***** INPUT RECORDS *****
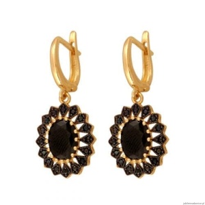 Wiszące kolczyki w wiktoriańskim stylu z czarnymi kamieniami.
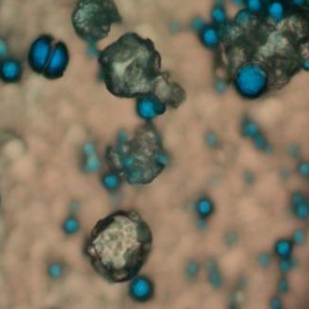 L’olio (in blu) contiene un marcatore tracciabile con ecografia e TAC per consentire ai medici di seguire le microcapsule (in marrone) durante la veicolazione alla massa tumorale. La pelle esterna semipermeabile ha la capacità fisica di rilasciare il farmaco lentamente.
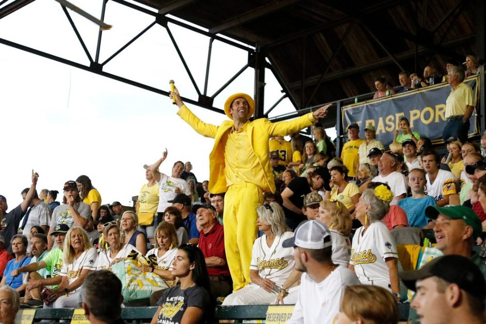Cole pours his heart and soul into every Bananas game. He serves as the emcee of each game and wears a yellow tuxedo and hat to match the team’s colors. Most importantly, he’s on the record in saying he’s willing to try anything, no matter how outrageous, to make Bananas games more fun for fans.
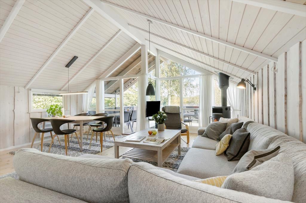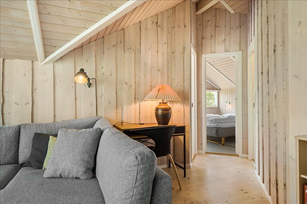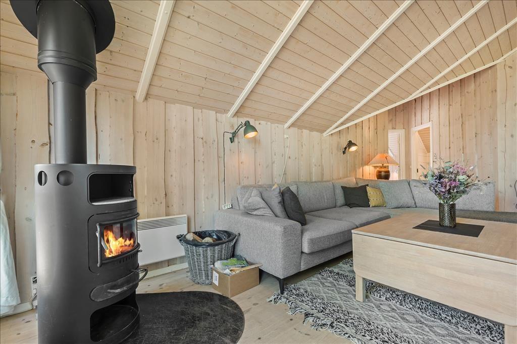 Inde i huset bliver I mødt af en lys og behagelig atmosfære, hvor de store vinduer lader lyset strømme ind. Stuen er indrettet med komfortable møbler og en hyggelig brændeovn, der indbyder til afslapning med en god bog eller film via Chromecast og gratis WiFi. Det åbne køkken er veludstyret med opvaskemaskine, køleskab med fryser og alt, hvad I skal bruge for at lave feriens måltider. Huset har plads til seks personer fordelt på to soveværelser med dobbeltsenge og et værelse med enkeltsenge – perfekt til både familier og venner. Badeværelset er som en lille wellness-oase med wc, bruseniche, sauna og spabad, hvor I kan forkæle jer selv efter en lang dag med oplevelser.
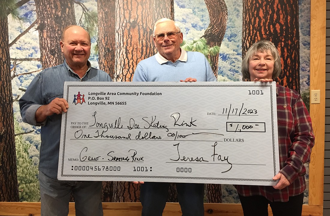 The Longville Area Community Foundation recently awarded a grant in the amount of $1,000 to the Longville Ice Skating Rink. The ice rink is located at Stuart Memorial Park and offers great winter recreation for Longville’s visitors and guests. The ice is regularly maintained and there is a warming house, and skates and hockey equipment available for use. Pictured above: Ed Schultz, LACF President, Craig Anderson with the Longville Ice Skating Rink, and Terry Fay, LACF Treasurer. The LACF awards scholarships to area students for post-secondary education and awards grants to non-profits. The Foundation is dedicated to enriching the community with funds that enhance health and safety, educational, and environmental purposes. Photo submitted.
*****
● **WHAT THE EXERCISE ASKS**
Please set down each entry word for word, without its images.

● **OUTPUT**
 Wiszące kolczyki w wiktoriańskim stylu z czarnymi kamieniami.
 L’olio (in blu) contiene un marcatore tracciabile con ecografia e TAC per consentire ai medici di seguire le microcapsule (in marrone) durante la veicolazione alla massa tumorale. La pelle esterna semipermeabile ha la capacità fisica di rilasciare il farmaco lentamente.
Cole pours his heart and soul into every Bananas game. He serves as the emcee of each game and wears a yellow tuxedo and hat to match the team’s colors. Most importantly, he’s on the record in saying he’s willing to try anything, no matter how outrageous, to make Bananas games more fun for fans.
 Inde i huset bliver I mødt af en lys og behagelig atmosfære, hvor de store vinduer lader lyset strømme ind. Stuen er indrettet med komfortable møbler og en hyggelig brændeovn, der indbyder til afslapning med en god bog eller film via Chromecast og gratis WiFi. Det åbne køkken er veludstyret med opvaskemaskine, køleskab med fryser og alt, hvad I skal bruge for at lave feriens måltider. Huset har plads til seks personer fordelt på to soveværelser med dobbeltsenge og et værelse med enkeltsenge – perfekt til både familier og venner. Badeværelset er som en lille wellness-oase med wc, bruseniche, sauna og spabad, hvor I kan forkæle jer selv efter en lang dag med oplevelser.
 The Longville Area Community Foundation recently awarded a grant in the amount of $1,000 to the Longville Ice Skating Rink. The ice rink is located at Stuart Memorial Park and offers great winter recreation for Longville’s visitors and guests. The ice is regularly maintained and there is a warming house, and skates and hockey equipment available for use. Pictured above: Ed Schultz, LACF President, Craig Anderson with the Longville Ice Skating Rink, and Terry Fay, LACF Treasurer. The LACF awards scholarships to area students for post-secondary education and awards grants to non-profits. The Foundation is dedicated to enriching the community with funds that enhance health and safety, educational, and environmental purposes. Photo submitted.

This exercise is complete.